- Born: Etienne Marquard de Villiers August 1949 (age 77) Pretoria, South Africa
- Education: Pretoria Boys High School; University of Pretoria, BSc civil engineering; Trinity College, Oxford (Rhodes scholar) MA Oxon (philosophy, politics and economics);
- Occupations: Chairman, DataEQ; former chief executive of sports and media businesses; investor
- Known for: ATP, Disney, BBC Worldwide
- Board member of: DataEQ Former board member of: BBC Commercial Holdings Board; Englefield Capital; ITV plc; Video networks; SLEC; Jetix;

= Etienne de Villiers =

South African executive (born 1949)

Etienne Marquard de Villiers (born August 1949) is a South African investor and executive in global media and sports businesses. He is chairman of DataEQ, a leading South African opinion mining company.

His former roles include executive chairman of the ATP Tour, president at Walt Disney Television International, chairman of BBC Worldwide, chairman of Virgin Racing F1 team, board member of Kirch/SLEC and ITV, director of Saracens rugby club and CEO of Satbel.

==Early life and career==
De Villiers was born and raised in Pretoria, South Africa, the son of South African cardiologist Marquard De Villiers. He has three sisters and a brother; record producer Paul, is responsible for the triple platinum Mr. Mister album Welcome to the Real World.

After graduating with a civil engineering degree from the University of Pretoria, DeVilliers received a Rhodes scholarship and read PPE at Oxford University. Following stints in engineering roles, in 1979 he joined management consultancy firm McKinsey & Company, where he was influenced by colleagues Tom Peters and Robert Waterman, authors of In Search of Excellence.

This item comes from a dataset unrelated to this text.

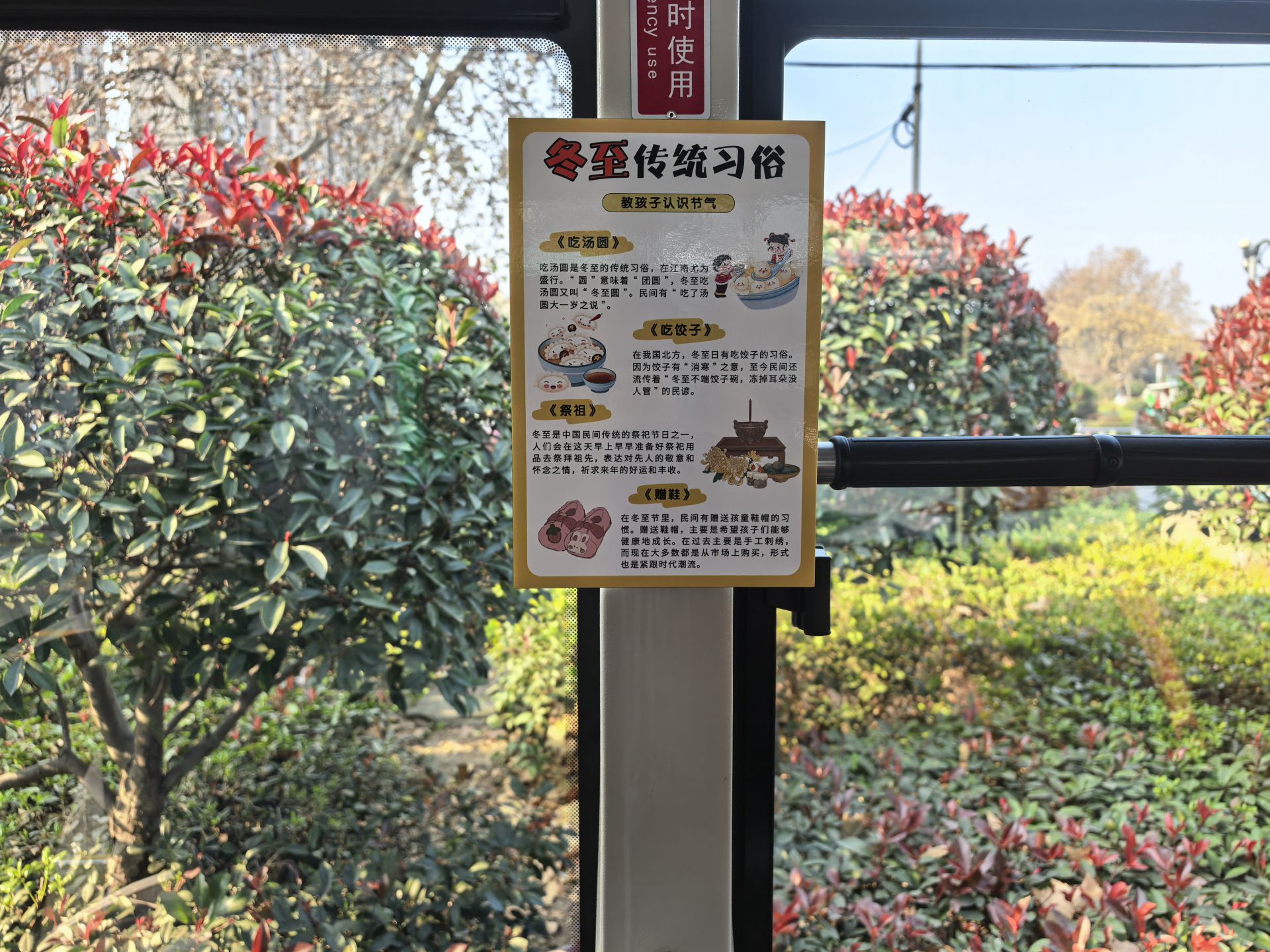 走进408路公交车,浓厚的冬至氛围扑面而来。车厢内精心布置的主题展板格外醒目,展板以图文并茂的形式,详细介绍了冬至节气的起源、气候特点、养生常识以及本地冬至时节吃饺子、煮汤圆等特色习俗,让乘客在乘车间隙轻松了解传统节气知识,沉浸式体验“移动文化课堂”的独特魅力。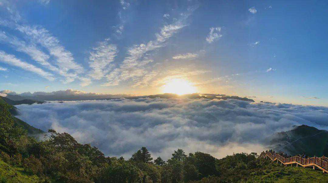 修至山顶的通天栈道,轻松就可登顶。当登上山巅的那一刹那,看见朝阳之下,云海翻涌。

In 1984 De Villiers was hired by Sol Kerzner to become CEO of Satbel, the South African entertainment conglomerate and operator of South Africa's largest cinema chain, Ster-Kinekor.

==Satbel and racial de-segregation in South Africa==

As CEO of Satbel, De Villiers was instrumental in ending racial segregation in South African cinema theatres. Describing his dealings with former South African president F. W. De Klerk, the then-Minister of Internal Affairs, de Villiers said: "We bluffed each other that it would be catastrophic if we didn't do the right thing. De Klerk bluffed the government and I bluffed the entertainment industry and together we managed to pull it off."

==Indian Premier League==
In 2009 De Villiers was asked by his former business partner Lalit Modi to assume ultimate responsibility for promoting the 2009 Indian Premier League in its last-minute switch to South Africa. The IPL was moved less than a month before opening ceremonies were due to begin, following terrorist attacks in India. At the time Modi was quoted as saying: "It's taken South Africa eight years to get ready for the 2010 soccer World Cup. We've had 29 days". Moving host nations is reported to have required the short-notice booking of 59 matches in 8 South African stadia, as well as 10,000 air tickets and 30,000 hotel rooms.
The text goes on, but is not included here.